The problem is I can't make it work on paid Google AI Platform Notebooks in Jupyter Lab. I spent a few days and found out that the problem is --data_num_channels 2
. I've tried different setups including CUDA 10, CUDA 11, tensorflow-gpu==1.15.2, tensorflow-gpu==1.14.0, and a few more, but in any case, 2 channel audio just doesn't work and gives me this log (The last line seems to be very promising, as it's how I figured the problem was in 2 channel audio):
Traceback (most recent call last):
File "train_wavegan.py", line 654, in <module>
train(fps, args)
File "train_wavegan.py", line 93, in train
D_G_z = WaveGANDiscriminator(G_z, **args.wavegan_d_kwargs)
File "/home/jupyter/DavidBlaine-Project/wavegan/wavegan.py", line 194, in WaveGANDiscriminator
output = tf.layers.conv1d(output, dim, kernel_len, 4, padding='SAME')
File "/opt/conda/lib/python3.7/site-packages/tensorflow/python/util/deprecation.py", line 324, in new_func
return func(*args, **kwargs)
File "/opt/conda/lib/python3.7/site-packages/tensorflow/python/layers/convolutional.py", line 218, in conv1d
return layer.apply(inputs)
File "/opt/conda/lib/python3.7/site-packages/tensorflow/python/keras/engine/base_layer.py", line 1479, in apply
return self.__call__(inputs, *args, **kwargs)
File "/opt/conda/lib/python3.7/site-packages/tensorflow/python/layers/base.py", line 537, in __call__
outputs = super(Layer, self).__call__(inputs, *args, **kwargs)

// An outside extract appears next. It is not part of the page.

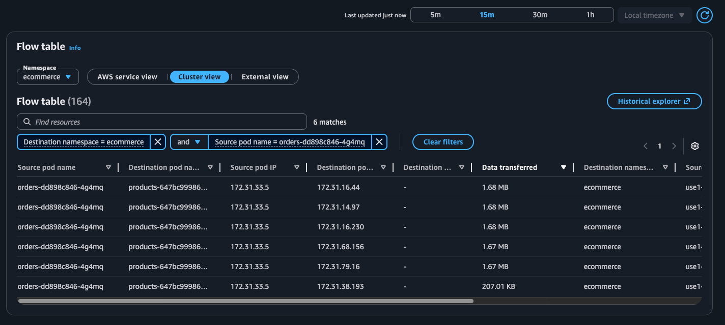 The flow table provides detailed metrics and filtering capabilities to analyze network traffic patterns. In this example, we can see the flow table displaying cluster view traffic between our e-commerce services. The table shows that the orders pod is communicating with multiple products pods, transferring amounts of data. This pattern suggests the orders service is making frequent product lookups during order processing.
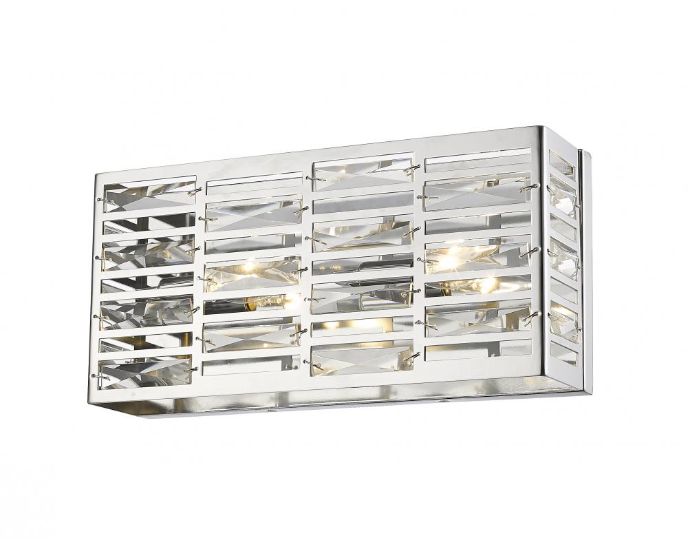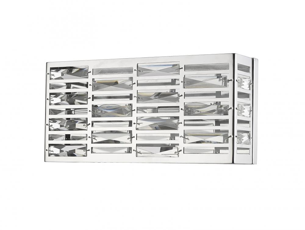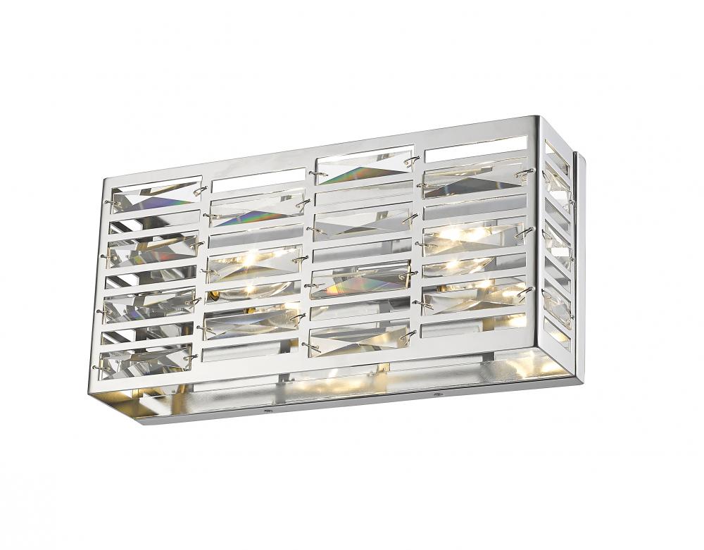 Sleek and elongated, this two-light bath sconce dresses up vanities with bright, modern style. Featuring a rectangular silhouette, the chrome frame is complete with geometric cut out shapes.

File "/opt/conda/lib/python3.7/site-packages/tensorflow/python/keras/engine/base_layer.py", line 591, in __call__
self._maybe_build(inputs)
File "/opt/conda/lib/python3.7/site-packages/tensorflow/python/keras/engine/base_layer.py", line 1881, in _maybe_build
self.build(input_shapes)
File "/opt/conda/lib/python3.7/site-packages/tensorflow/python/keras/layers/convolutional.py", line 165, in build
dtype=self.dtype)
File "/opt/conda/lib/python3.7/site-packages/tensorflow/python/layers/base.py", line 450, in add_weight
**kwargs)
File "/opt/conda/lib/python3.7/site-packages/tensorflow/python/keras/engine/base_layer.py", line 384, in add_weight
aggregation=aggregation)
File "/opt/conda/lib/python3.7/site-packages/tensorflow/python/training/tracking/base.py", line 663, in _add_variable_with_custom_getter
**kwargs_for_getter)
File "/opt/conda/lib/python3.7/site-packages/tensorflow/python/ops/variable_scope.py", line 1496, in get_variable
aggregation=aggregation)
File "/opt/conda/lib/python3.7/site-packages/tensorflow/python/ops/variable_scope.py", line 1239, in get_variable
aggregation=aggregation)
File "/opt/conda/lib/python3.7/site-packages/tensorflow/python/ops/variable_scope.py", line 562, in get_variable
aggregation=aggregation)
File "/opt/conda/lib/python3.7/site-packages/tensorflow/python/ops/variable_scope.py", line 514, in _true_getter
aggregation=aggregation)
File "/opt/conda/lib/python3.7/site-packages/tensorflow/python/ops/variable_scope.py", line 869, in _get_single_variable
(name, shape, found_var.get_shape()))
ValueError: Trying to share variable D/downconv_0/conv1d/kernel, but specified shape (25, 1, 64) and found shape (25, 2, 64).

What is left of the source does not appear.